Copper, vital for mitochondrial respiration, enters the body through ATP7A in the intestines, then travels to the liver via the portal system, with a portion excreted through urine and sweat. Within hepatocytes, copper uses CTR1 to reach the trans Golgi network via ATP7B. It incorporates into apoceruloplasmin to form holoceruloplasmin, a major copper-containing protein, and is released into circulation [18]. ATP7B also expels copper into bile via vesicles that reach biliary canaliculi, later excreted in stool. Mutations in ATP7B lead to copper accumulation in the liver and bloodstream, affecting other tissues, causing oxidative stress and cellular damage. Hepatic injury predominates in WD due to the liver’s role in copper homeostasis. Copper initially binds with metallothionein, detected in liver histology with special staining. Over time, copper accumulates in lysosomes, causing hepatic issues and subsequent copper buildup in other tissues. In the brain, copper toxicity leads to damage, particularly in the basal ganglia, thalamus, cerebellum, and brainstem. In the bloodstream, excess copper triggers oxidative damage and Coombs-negative hemolysis. Muscle, kidney, and other tissues also experience adverse effects from copper overload [19-21].

CLINICAL PRESENTATION

In children, WD can appear at various ages, with a median age of 13 years, but symptomatic cases are rare before age of 3 years [20-23]. Hepatic issues are more frequent in children, but around 4% to 6% may exhibit subtle neurological symptoms. Older children and young adults, typically aged 20 to 30 years, are more likely to display neurological or psychiatric symptoms, with or without liver involvement.

Hepatic Manifestation

Hepatic symptoms in WD range from asymptomatic or incidentally discovered abnormal liver tests to complications like acute liver failure [1]. Early stages may show no symptoms but could include elevated liver enzymes or abnormal ultrasound findings. As the disease progresses, patients may display signs of chronic liver disease or cirrhosis complications. WD should always be considered when a child or young adult presents with abnormal liver tests or clinical features resembling non-alcoholic fatty liver disease or autoimmune liver disease [24,25].
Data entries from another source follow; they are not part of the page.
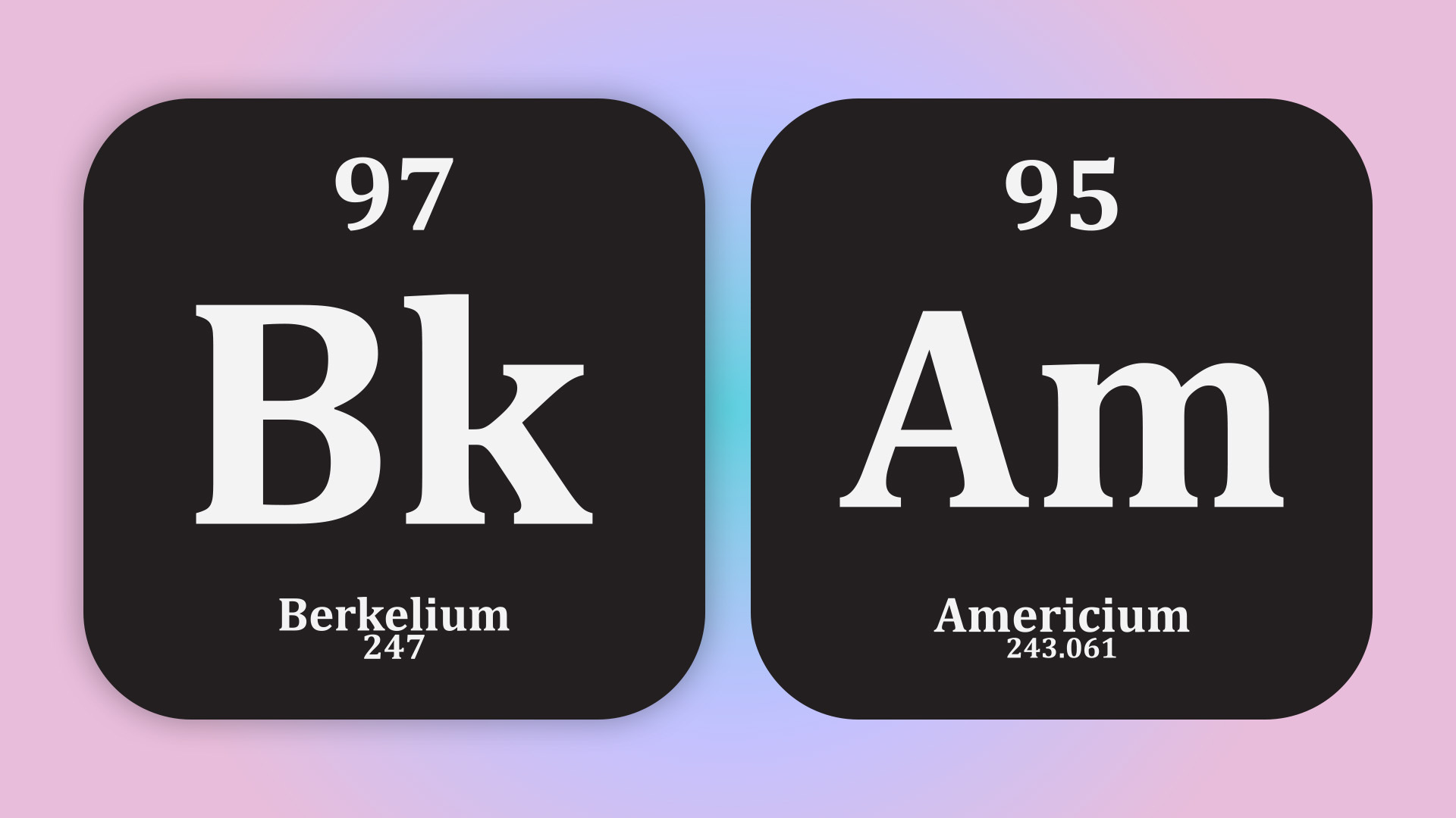 A graphic showing Berkelium and Americium from the Periodic Table. Chinese scientists have recently synthesized brand-new isotopes of these two elements: Berkelium-235 and Americium-231. Gong Zhe/CGTN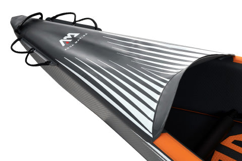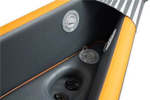 This kayak is a performance machine for true adventurers. The brand-new TOMAHAWK AIR-K is fully constructed with Drop Stitch Technology featuring a stunning look and incredible quality. Blending efficiency, speed, comfort and stability, it offers all you need for perfect cruising with a light load. It’s a lean speed-air-watercraft with streamlined floor, molded V-shaped form under bow and stern providing remarkable tracking performance yet enabling paddlers to make quick and stable turns.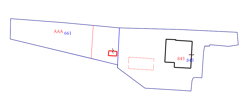Tipo di frazionamento (p.lla 661) + mappale per riportare in mappa un nuovo fabbricato ed accorpare (BBB) ad una particella già all’urbano (p.lla 843)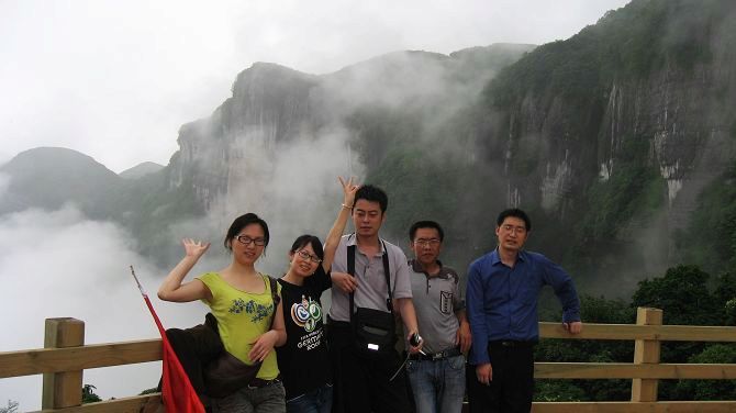 6月19日下午4:30分,我们的拓展队伍从重庆出发,全队共十人,由周总任领队,陈总任副领队,工程部唐经理任旗手,财务处熊经理任后勤组组长,经过两小时车程,顺利到达南川金佛山西坡脚。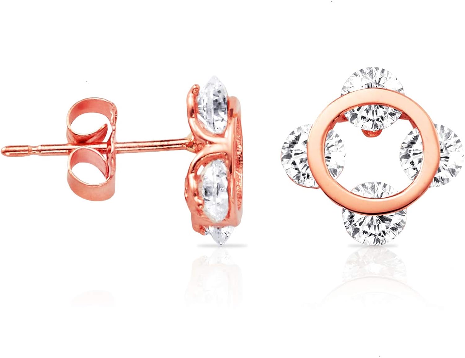 Real 14k Rose Gold Quatrefoil Stud Earrings With Czs Under Circle For Women Amazon Ca Jewelry

Acute liver failure in WD is a severe form marked by jaundice, hepatitis, hepatomegaly, and coagulopathy, with or without encephalopathy. Acute liver failure is defined as international normalized ratio (INR) ≥1.5 with encephalopathy or INR ≥2.0 regardless of encephalopathy [26]. Some children may have a history of acute self-limited hepatitis-like illness, recurrent jaundice, hemolytic anemia, or elevated transaminases. Some clinicians consider this presentation as acute-on-chronic liver failure, often showing preexisting chronic liver damage on histology. Acute-on-chronic liver failure is defined as acute hepatitis causing jaundice (total bilirubin >5 mg/dL or 85 µmol/L) and coagulopathy (INR>1.5) with ascites and/or hepatic encephalopathy within 4 weeks [27].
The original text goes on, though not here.